Step 1: Draft Your Transformation Charter

It is necessary to take the time to create a charter (to enact change) now in order to drive change tomorrow. Change takes hard work upstream (now) to pay off big downstream (later). The case for change must be powerful enough to initiate the often painful process of real, lasting change. Time or money isn't enough to warrant change; a commitment to change must be made. Senior leadership buy-in and engagement is crucial. Key leadership positions must be chosen very carefully. Roles and accountability must be defined. What is in/out of scope must be defined to be truly effective. Highlight and communicate the high-level "case for change" to the core team and key stakeholders at the point. (You will need to communicate to the entire organization with clarity during step four.)

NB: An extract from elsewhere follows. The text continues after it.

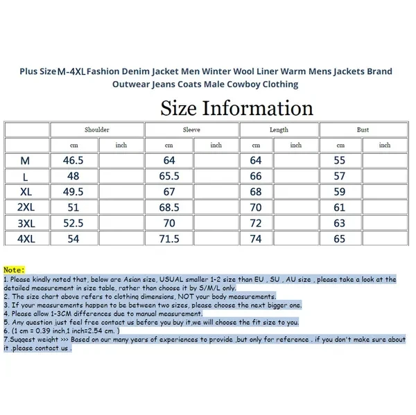 *Leisure collocation *Button closure *Sherpa lining provides excellent warmth and comfort in cooler days *Basic turn down collar, front button down closure, long sleeves with button cuffs *Two chest pockets and two side pockets to provide max storage and easy accessibility to basic necessities *Hand wash and machine wash Sherpa line fleece, turn down collar, single breasted, cuffs with buttons Perfect for casual wear, date meeting, party, fishing, traveling, sports and so on. You can pair with jeans to create a leisure look,or match with sweaters to keep warm in cold days. Item Type:Jacket Gender:Men Color:Khaki,brown,black Material: Shell: Artificial fur, Lining: Lamb hair Sleeve Length: Long Sleeve Season:Autumn/Winter Style:Casual Size:M-4XL M: Bust-55cm Shoulder-46.5cm Sleeve-64cm Length-64cm L: Bust-57cm Shoulder-48cm Sleeve-65.5cm Length-66cm XL: Bust-59cm Shoulder-49.5cm Sleeve-67cm Length-68cm XXL: Bust-61cm Shoulder-51cm Sleeve-68.5cm Length-70cm XXXL: Bust-63cm Shoulder-52.5cm Sleeve-70cm Length-72cm XXXXL: Bust-65cm Shoulder-54cm Sleeve-71.5cm Length-74cm Quality Guarantee. Fast delivery and logistics. Thank you for your trust and support,hope you have nice day!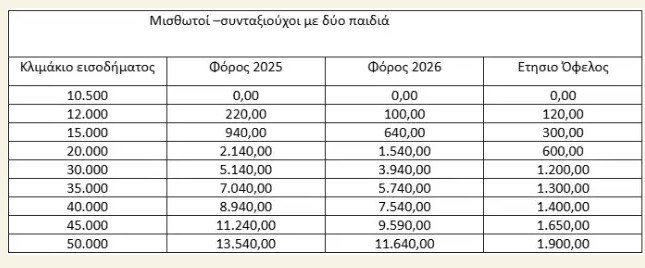 Το καθεστώς των άμεσων φόρων εισοδήματος για τους μισθωτούς και συνταξιούχους με παιδιά από την 1η Ιανουαρίου 2026 θα έχει ως εξής:

Step 2: Gather Outside-In Data

 The entire lap is focused on gathering outside-in data. Data is collected from outside the organization to effect change from within. Observe customers' behavior through techniques such as ethnography. Gather opinions of influencers, customers, sales channels, sales teams, and customer support teams, thorough interviews, surveys, and social media. Decide upon an information-gathering approach. Gather as much information as possible about the customers prior to preparing questions---use customer satisfaction surveys and voice of customer (VOC) data, and talk to internal sales and support teams. Educate yourself, talking to the channel prior to talking directly to the customers. Prepare questions and conduct dry-runs. Schedule observation sessions and interviews. Decide on how you will capture and archive all of the information from the interviews. Inform stakeholders within the company of the planned interview process. Conduct the interviews. Send an appropriate follow-up note or gift to the interviewees (like a thank-you note). Transcribe interviews. Pull together "Report of Findings" based on the "observations" and "opinions" gathered. In other words, catalog the data your customers, vendors, partners, and other close external relationships offered. 

Step3: Gather Inside-Out Data

This step is about getting input from stakeholders (voice of stakeholder - VOS) and employees (voice of employees - VOE). Define stakeholders (Who are they? How many are there?). Make sure the list is not too long nor short. Catalog input specifically around organization structure, key processes, vision, strategy, success metrics, etc. Conduct interviews. Gather feedback through surveys--conduct them in the beginning, midpoint, and then a few months after completion of the first transformation cycle. 

Step4: Analyze Your Data

Catalog and analyze data gathered from observing job performers as well as data from VOC, VOS and VOE data. Catalog, analyze, categorize, and prioritize the feedback. Catalog any interesting ideas shared by customers, partners, stakeholders, and employees on the :future state" and feed them into step 5 for architecting the vision, mission, values, etc. Identify SWOT (strengths, a weaknesses, opportunities and threats) for each of the "feedback items". Engage high-level root cause analysis for each of the gaps and further prioritize, as appropriate. Draft a high-level strategy (SO, WT, etc.). Communicate the "burning platform" and move employees into a true sense of urgency state--in doing so, win the hearts and minds of the employees. Share a detailed roadmap and the next steps of the process with employees. Regularly update employees and thank them for their participation. 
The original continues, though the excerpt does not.